Major comment #2 from you:

>2) The PDM option relation to actual "server" time is somewhat confusing and 
>the 5-tuple does not allow me to detect the real relationship between the 
>>server/application action that caused the generation of the packet and the 
>PDM within the packet. This is specifically an issue with 
>transport/application protocols >that multiplex/interleave multiple 
>application streams into one transport. I have no idea of the actual 
>individual application time since the packets get generated >independent of 
>the processing of a single thread. I would welcome some discussion around 
>here. Section 1.4 last paragraph is going to this direction but is not 
>>sufficient IMHO.

Yes, you are, of course, correct that all traffic will flow between the 
matching ports at the two endpoints. The 5-tuples will match regardless of the 
application.

The thing is that we never intended that PDM would distinguish between 
applications using the same 5-tuple.  That is, it is a feature, not a bug.

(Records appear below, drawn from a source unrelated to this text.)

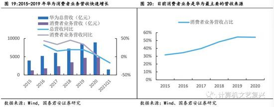 鸿蒙之于华为的消费者业务,短期而言是救命稻草,长期而言则是战略转型的起点。2015年至2019年间华为的消费者业务营收占比自31.69%提升至54.41%,营收的年复合增速达到39%;2020年面对疫情等冲击,华为消费者业务营收同比仍增长3.34%,营收占比依旧保持在54.18%的高位,因而消费者业务的波动将对未来华为公司的发展产生重大影响。2021Q1华为整体实现营收1500.57亿元,同比下滑16.92%,负面影响开始凸显。
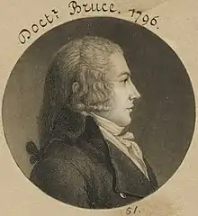 Bruce was born in New York City in February 1777 and graduated from Columbia College in 1795 with a Bachelor of Arts degree. His father, William Bruce, head of the medical department of the British army at New York, on being ordered to the West Indies, specially directed that his son should not be brought up to the medical profession. From the medical lectures of Nicholas Romayne, the teachings of Dr. Hosack, and attendance on the courses of medical instruction of Columbia, he attained a knowledge of the science. He went to Europe in 1798, received an M.D. from the University of Edinburgh in 1800, and, in a tour of two years in France, Switzerland, and Italy, collected a mineralogical cabinet of great value. He married in London, and in the summer of 1803, returned to New York city and began practice. In 1807, he was appointed professor of materia medica and mineralogy in the College of Physicians and Surgeons, being the first to fill such a chair in the United States. On the reorganization of the college in 1811, he was superseded on account of some disagreement with the management, and after 1812, filled the same chair in Queen's, now Rutgers, College, New Jersey. He projected the American Mineralogical Journal in 1810, and edited it until 1814. His chemical analysis "of native magnesia from New Jersey" made known to science the mineral now called after him, Brucite. He also detected and correctly analyzed the zincite of Sussex County, New Jersey, and published a valuable paper "On the Ores of Titanium occurring within the United States." Dr. Bruce was one of the original members of the New York Historical Society, and at the time of his death, was a member of many learned societies both in this country and in Europe. He died in New York from apoplexy on February 22, 1818.[1]
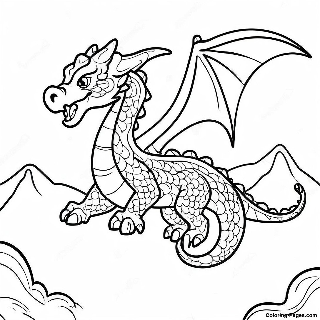 Download Printable PDF of Majestic Dragon Flying Over Mountains Coloring Page
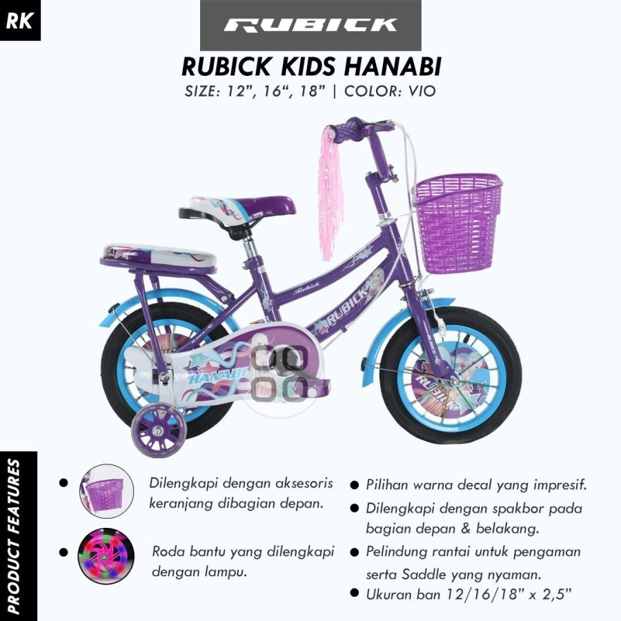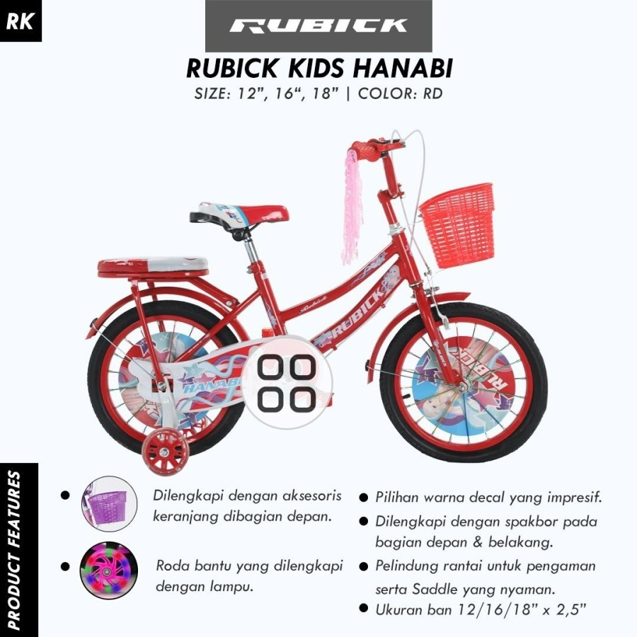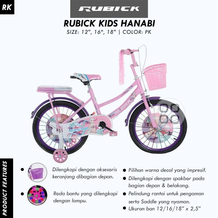 SEPEDA ANAK PEPEMPUAN MINI 12 16 18 INCH NEW RUBICK BY UNITED USIA 3 - 9 TAHUN KERANJANG BONCENGAN PREMIUM SNI TERMURAH
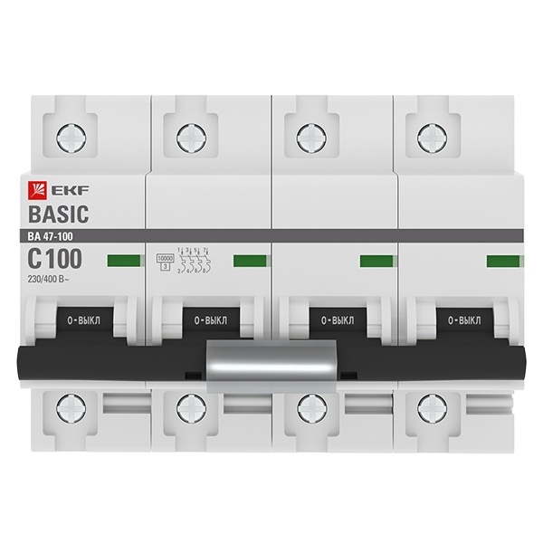 Автоматический выключатель EKF Basic ВА 47-100 4P 100А (C) 10kA (автомат электрический) mcb47100-4-100C-bas
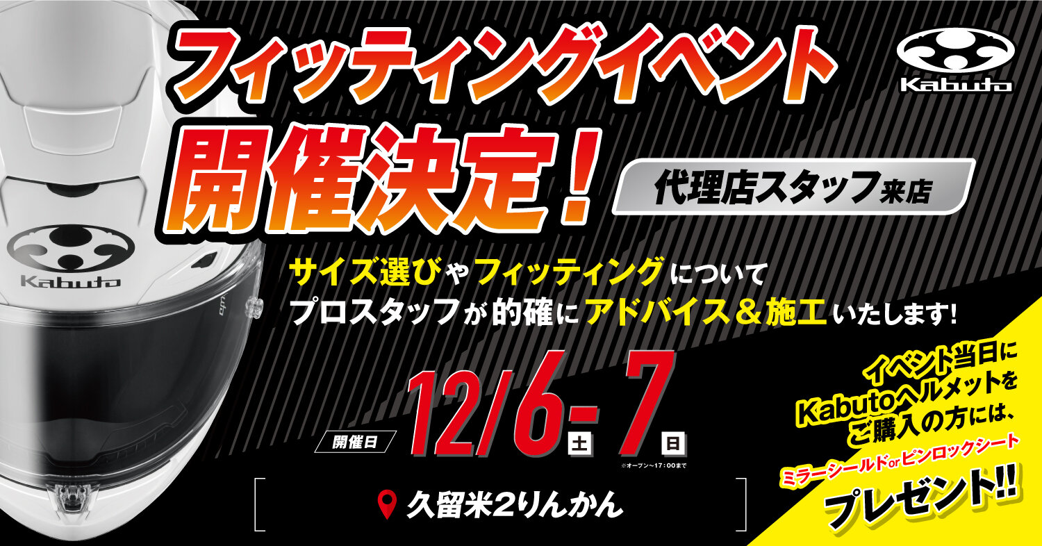 [代理店スタッフが来店!!]当日はKabutoブースにて、ニューモデルやニューカラーをご試着いただけるほか、ヘルメットについての質問や疑問、フィッティングのアドバイスについてお答えいたします。 イベント開催期間中に、Kabutoヘルメットをご購入の方には、ミラーシールド or ピンロックシートをプレゼントいたします!当日だけのスペシャルプレゼントですので、この機会をお見逃しなく!
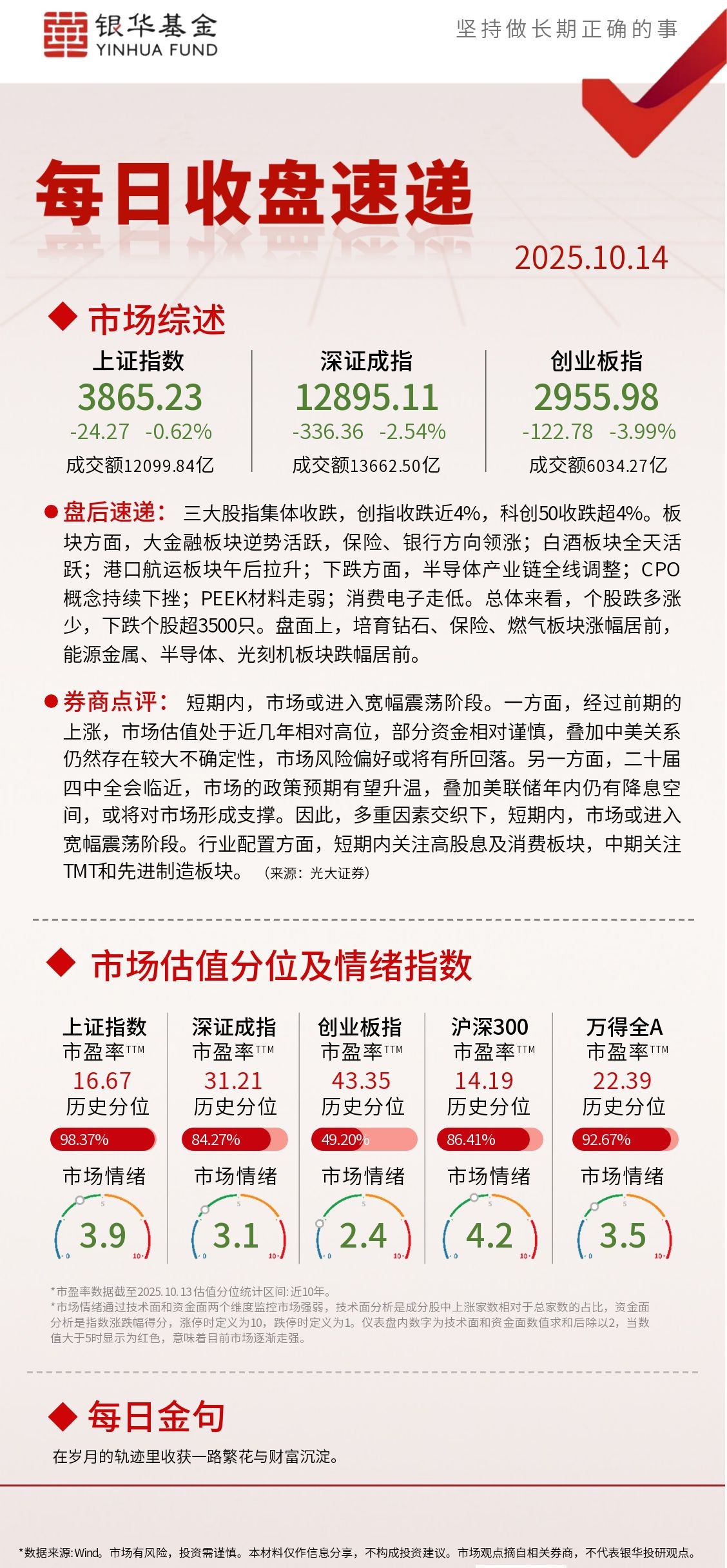 每日收盘速递 | 2025.10.14 三大股指集体收跌,创指收跌近4%
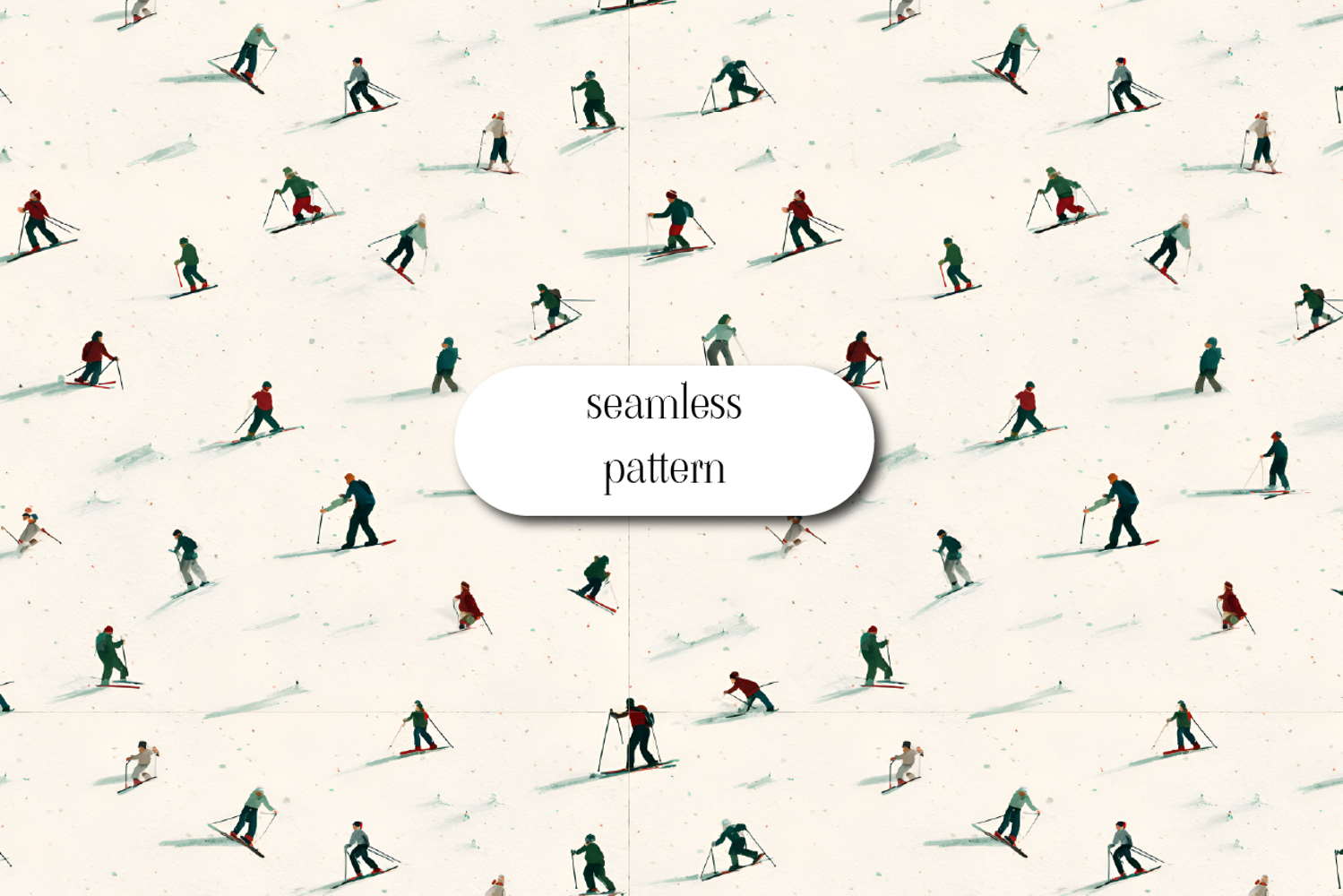 Charming seamless winter pattern featuring hand-painted skiers scattered across a snowy background. This design captures a nostalgic, vintage winter sports vibe with soft textures and muted colors. Ideal for fabric printing, gift wrap, wallpaper, stationery, apparel, winter-themed decor, and surface pattern design projects. The seamless repeat makes it easy to scale for both small and large applications while keeping a cohesive look.
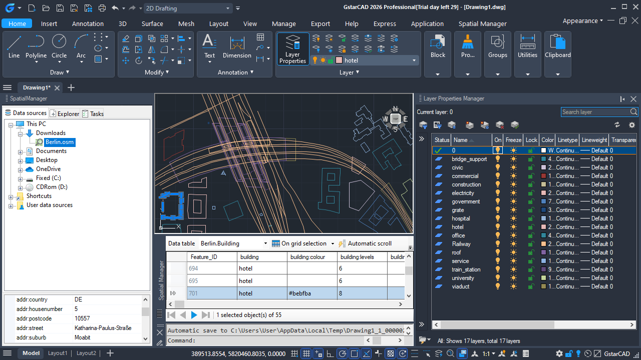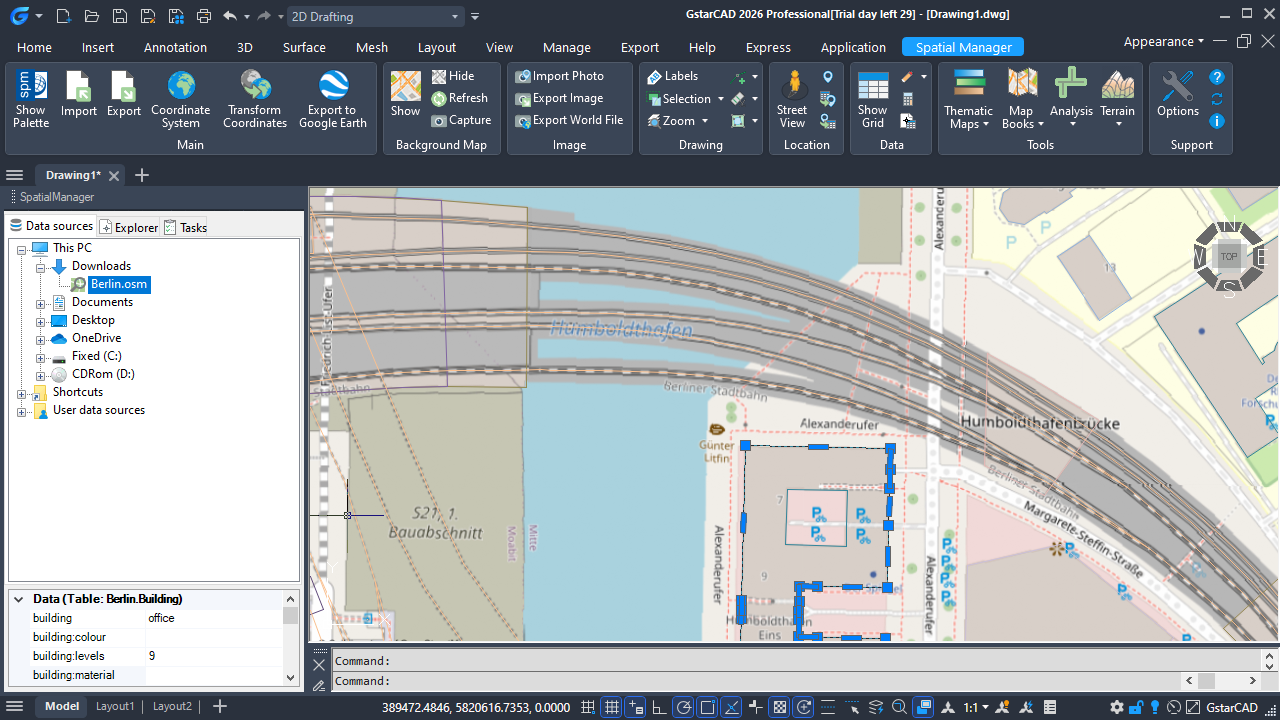 How to Import OpenStreetMap Data into GstarCAD using Spatial Manager for GstarCAD

What PDM WILL tell you is whether the problem is in the network or the host.    
In our experience, which is primarily on networks for large data centers, there 
is a different group which is involved to troubleshoot the problem depending on 
the nature of the problem.  That is, do I get the application developers on the 
line or the team that deals with the routers & infrastructure.

One of the important functions of PDM is to allow you to do quick triage so 
that you can get the right SWAT team going.   PDM does not tell you if the 
problem is in the IP stack or the application or buffer allocation.   PDM also 
does not tell you which of the network segments or middle boxes is at fault.  
The reason for PDM is to get the right specialists in place who can then be 
dispatched to investigate their area.

In our experience, valuable time is often lost at this first stage of triage.   
Both the network group and the application group have quite a few specialized 
tools at their disposal to further investigate their own areas.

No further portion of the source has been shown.